Wearable Technology Enables High Definition Wireless Audio-video (av) Communication to the Operating Room

Background: This group has previously reported work on a cart-based AV system for communication to the OR using the internet. This technology has been transformed into wearable technology to enable a less restrictive interface between the operating surgeon and mentor.
Objective: To develop a mobile system using wearable technology that enables a mentor surgeon to communicate with a mentee in the operating room for the purposes of guiding them through a surgical procedure.
Description: A telementoring platform has been developed consisting of a Mentor Station and an in-room Mobile Telementoring Package (MTP). The MTP consists of a cube-sized network connected base station which receives wired inputs from any desired video, x-ray, or monitoring source; a head-mounted video camera, microphone, and earphone; a tablet sized backpack computer; and an iPad display hung from the laparoscopic monitor. The Mentor Station consists of a laptop computer with second, extended display and a speakerphone. The system allows a mentor to see what the mentee sees as well as any input from the base station (laparoscope, room camera, etc.). With the wearable headcam and computer backpack plus the local iPad display the mentee can see and hear the mentor and receive video content “pushed” to him such as the live laparoscopic view, the headcam view, or recorded material. The mentor can telestrate on the mentee’s live operative view or capture images/ video and play them back to the mentee with telestration.

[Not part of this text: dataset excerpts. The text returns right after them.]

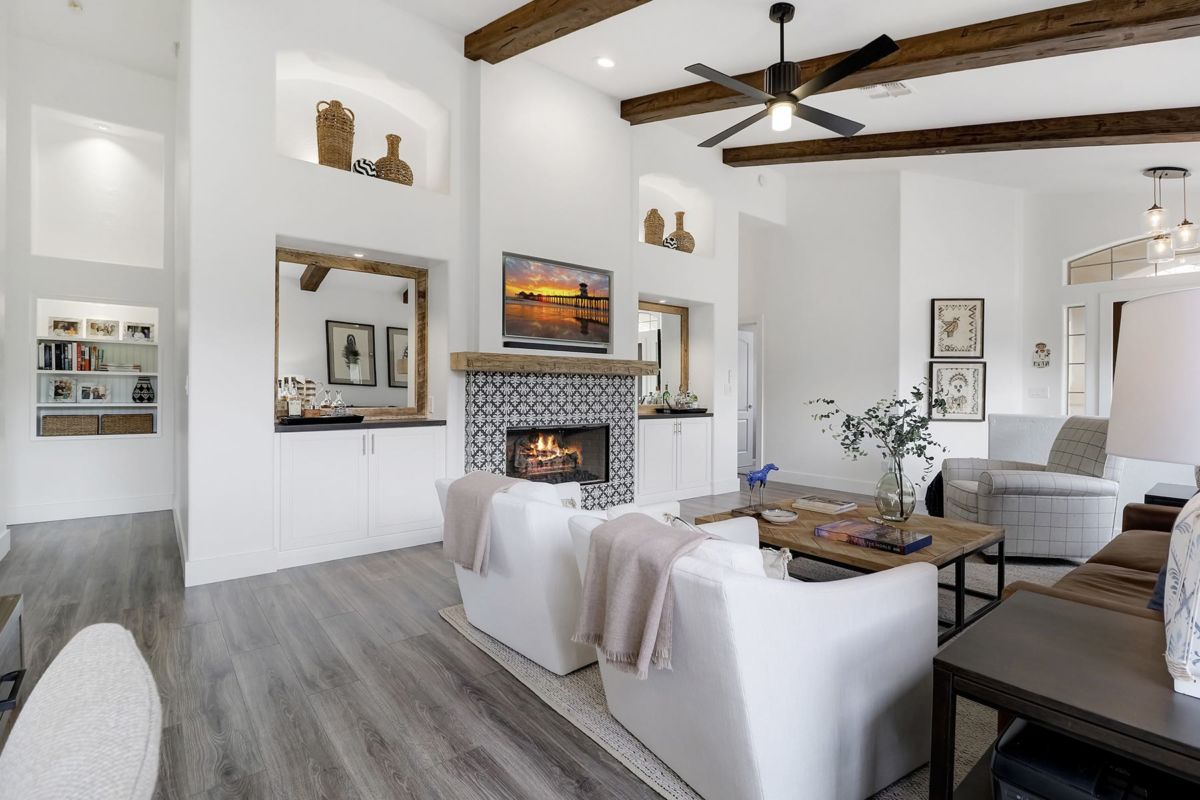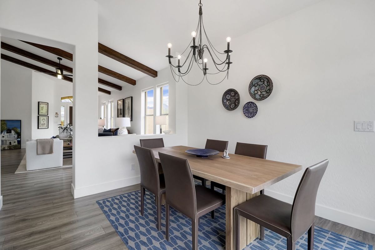 Upon entering the family room note the crisp white walls, beamed ceiling accents, easy care flooring, art niches and built in’s, all centered around the fireplace with decorative accent tile and wood mantle. The kitchen is open to the dining room and overlooks the family room for an open feel to this single level floor plan. A stainless steel appliance package, center island with seating, walk-in pantry, and granite counters round out the well laid out kitchen.
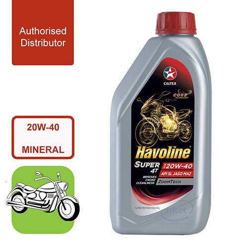 Havoline®Super 4T SAE 20W-40 is a mineral oil that comes with Havoline C.O.R.E. Technology lubricates, protects, and cleans as you ride.
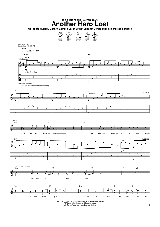 Digital Sheet Music for Another Hero Lost by Matthew Bachand, Jason Bittner, Jonathan Donais, Brian Fair, Paul Romanko, Shadows Fall scored for Guitar Tab; id:397412
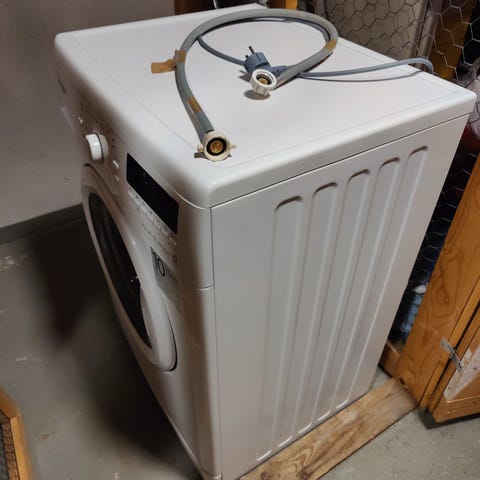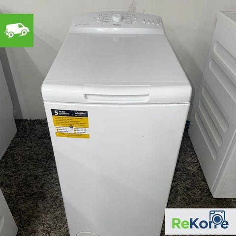 Whirlpool AWE 7100 päältä täytettävä pesukone, kapasiteetti 7 kg. Rempan alta pois. Hyvä ja toimiva peli, mutta kannen reunassa on nappuloiden alla kupruilua ja hieman ruostetta.
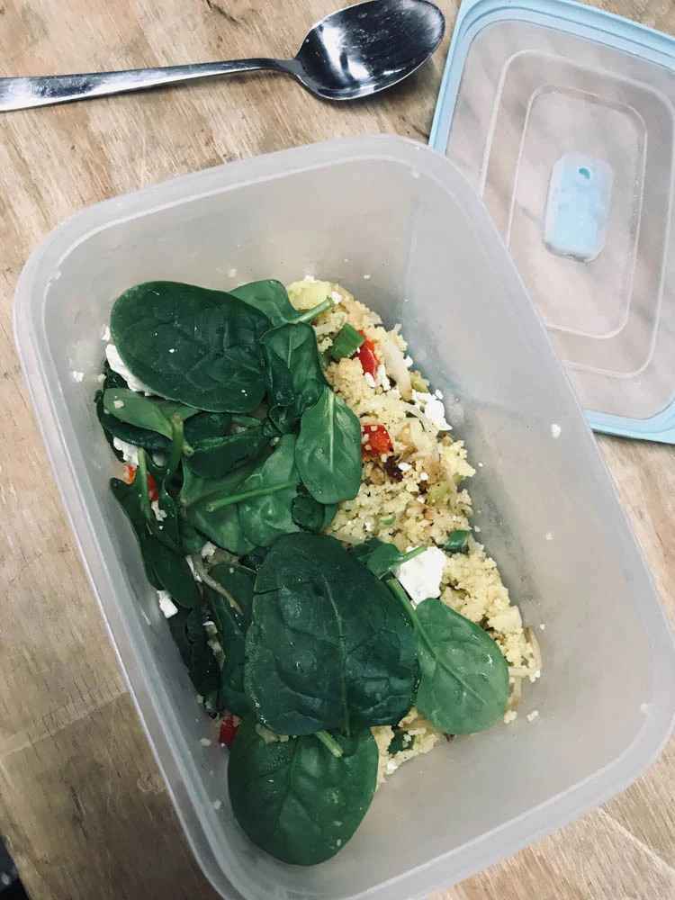 Ik had op de planning staan om een lekkere ovenschotel met aubergine te maken, maar om 17:05 werd ik gebeld met de vraag of ik die avond alle lessen bij de Barbell Club over wilde nemen. Er was een foutje in de planning gemaakt. En alle lessen overnemen betekent voor mij om 17:30 al in de auto moeten zitten, dus koken, of überhaupt eten heb ik over moeten slaan. Gelukkig trainde er ook een vriendin mee die wat van haar avondeten voor me meenam; couscous met groenten, spinazie en feta.
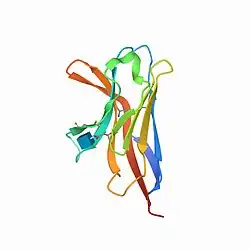Triggering receptor expressed on myeloid cells 2 (TREM2) is a protein that in humans is encoded by the TREM2 gene.[5][6][7] TREM2 is expressed on macrophages, immature monocyte-derived dendritic cells, osteoclasts, and microglia,[8] which are immune cells in the central nervous system.[9] In the liver, TREM2 is expressed by several cell types, including macrophages, that respond to injury.[10] In the intestine, TREM2 is expressed by myeloid-derived dendritic cells and macrophage.[11] TREM2 is overexpressed in many tumor types and has anti-inflammatory activities. It might therefore be a good therapeutic target.
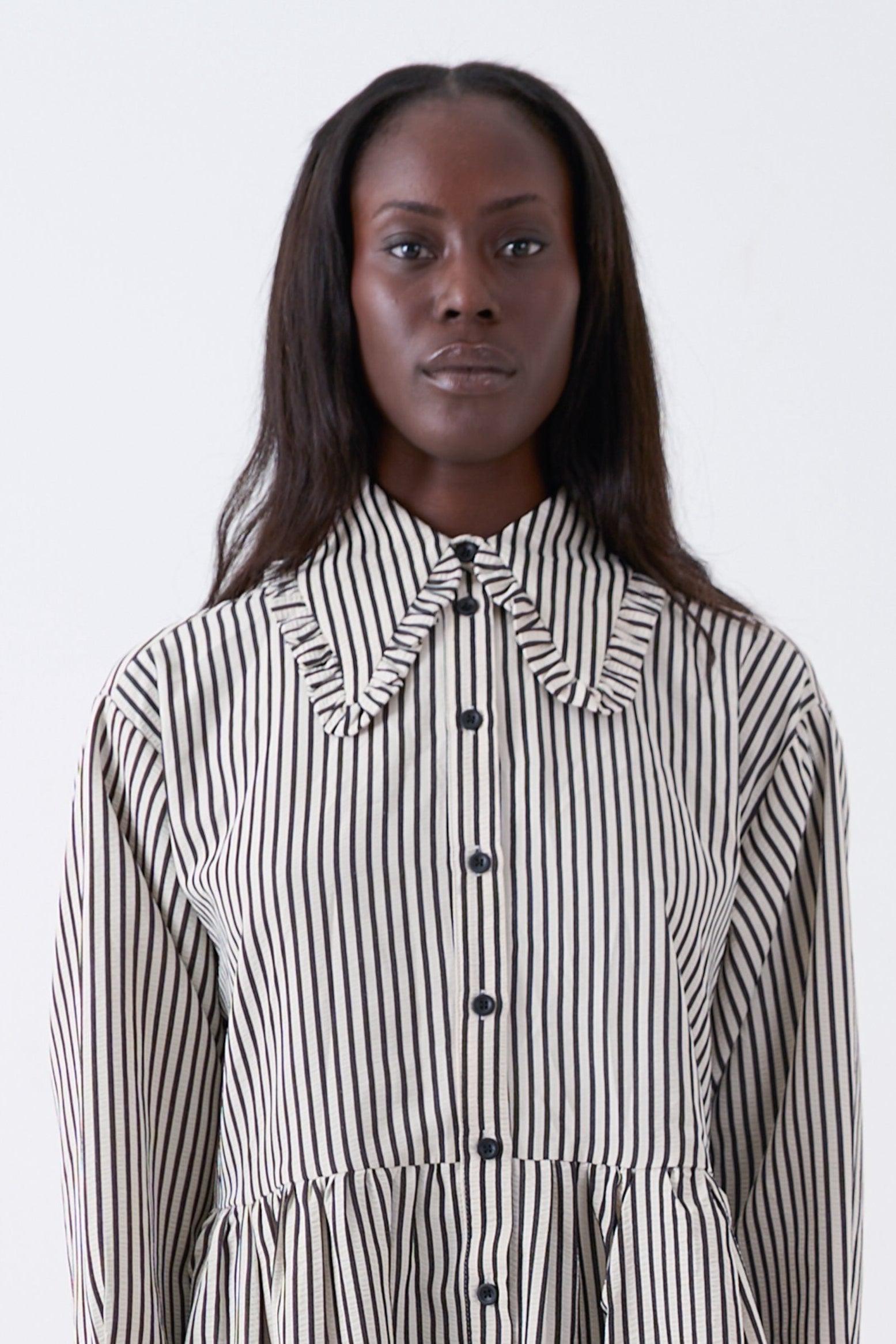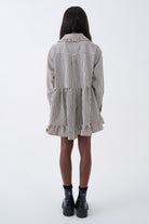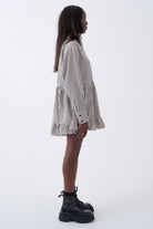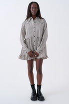 Black and white stripe mini dress, featuring an oversized collar, drop waist and ruffle hem. A grunge take on a relaxed, feminine silhouette.

Results: Multiple mentoring sessions have been conducted using the system. The mentor is able to see the operative field via the mentee’s headcam and the laparoscope view. Using verbal instruction, telestration, and playback of pre-recorded material, the mentor has been able to help novice mentee subjects perform complex laparoscopic surgical tasks such as intracorporeal suturing and knot tying. The communication is stable with acceptable image latency and the wearable technology is comfortable and uninhibiting.
Conclusion: A robust eminently mobile AV communication package has been developed using wearable technology that is ideally suited for surgical mentoring. This system is now being tested in simulated clinical environments such as laparoscopic colectomy procedures.